Ampicillin: I love this drug. It's the only penicillin that won't kill me. I appreciate that. Technically, this drug belongs to a subclass of penicillins called the aminopenicillins, which were created to handle more resistant strains of bacteria. Others within this class are Augmentin (Amoxillin + clavulanate, which has more gram negative bacterial coverage than other penicillins), Unasyn (Ampicillin + sulbactam)

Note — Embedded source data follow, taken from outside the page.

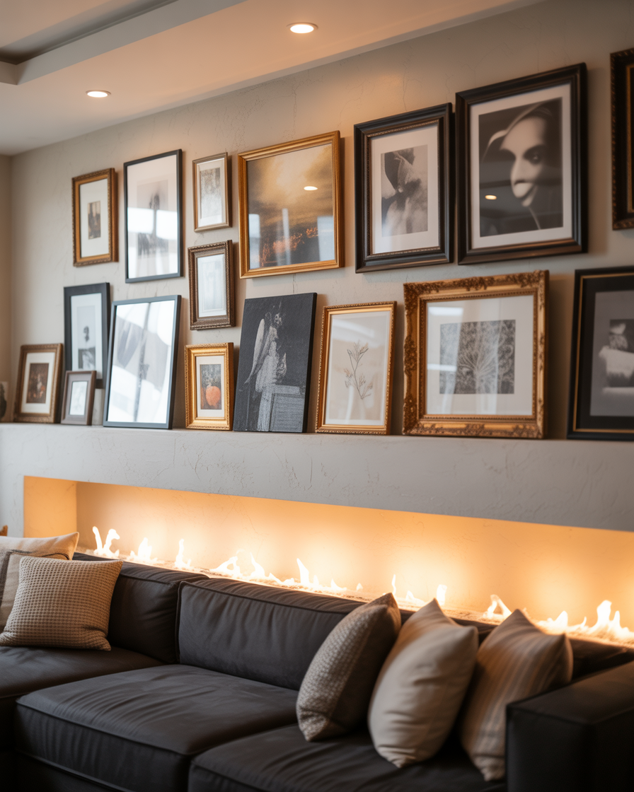Instead of hanging a single piece over your mantel, layer multiple artworks of different sizes for depth. This eclectic approach adds visual interest and makes the fireplace wall a true gallery feature.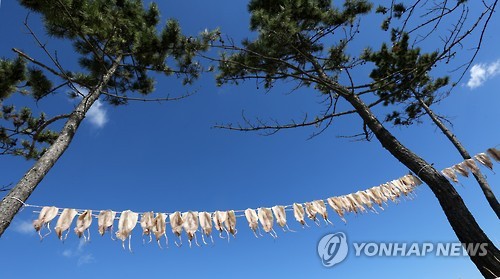 This photo taken on Oct. 12, 2015, shows squid tied on a line with pine trees used as poles, as fishermen dry the fish in the sun in the port city of Gangneung on South Korea's east coast. Dried squid is a popular South Korean foodstuff. (Yonhap) (END)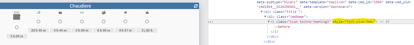 Lorsque j’avais la version 3, j’avais bidouillé un widget pour qu’il n’affiche que l’icone de la commande et en dessous un icone en fonction de la valeur. J’avais du rajouter un morceau de script pour modifier la taille de l’icone et celle du icone.

This drug has beautiful gram positive coverage and some gram negative coverage. This is your urinary tract infection drug, because it goes all WWF smackdown on Escheria coli. It also is the drug of choice for listeria meningitis. Ampicillin is one of the few penicillins that can cross the blood brain barrier. If you have a resistant case of meningitis in an immunocompromised patient, especially if he/she is an infant less than one month of age, give them ampicillin.
Unasyn is a more aggressive form of Ampicillin with more coverage of bugs such as Serratia, Enterobacter, Pseudomonas (swimmers ear and wound infections in burn victims), and Legionella (air conditioner related pneumonia in elderly). It's general indications are for gynecological, intestinal, and skin infections.
Oxacillin: This one's fun, because it's named after a bull and can seriously kick bacteria bum. Oxacillin treats recurrent Group B Strep (GBS) infections and is great for pregnant women when ampicillin doesn't work and for neonates suffering from GBS infections. GBS is transmitted through the vaginal canal during delivery to the infant. If there is a vaginal delivery at home, the chances are that the baby is going to acquire a GBS infection and could die. GBS infection signs of fever, lethargy, grunting, nasal flaring, pale or blue appearance, and difficulty feeding occur mostly within the first 24 hours but can occur up to 6 days of life.
Note: Oxacillin can only be administered via intramuscular injection or intravenously. Neonate doses are approximately 50mg/kg/day every 12 hours.
Timentin: A combination drug (Ticarcillin + clavulanate), Timentin is similar to Augmentin but doesn't cover Legionella. Yet, it covers Clostridium difficile, which is the most foul-smelling diarrhea you will ever smell. It makes Giardiasis smell like roses. Consider it a kind of Post-traumatic Stress Disorder for your nose, because if you smell C. diff once, then you will never mistake it again.
C. diff is the diarrhea most common in hospitalized patients which are already on enough antibiotics to kill an elephant. The most common antibiotic associated with acquiring C. diff is Clindamycin. So if you have a patient that was given Clindamycin and afterwards, suddenly gets the Great Stink of all diarrhea then you pretty much can guess it is C. diff. Treat them with Timentin or oral vancomycin and be done with the juicy squirts.
Zosyn: The brand name for piperacillin + tazobactam, Zosyn has the same coverage of the aforementioned penicillins, but with increased ability against Pseudomonas. This drug should be used in conjunction with an aminoglycoside to cover severe pseudomonas infections in burn victims. You can tell a pseudomonas infection by its characteristic blue-green color it causes in wound tissue and the sweet grape-like scent.
Okay, who was the guy that said, "Mmm! I so want to sniff that wound. I bet it smells like grapes."
Well, I hope you enjoyed my ode to penicillins.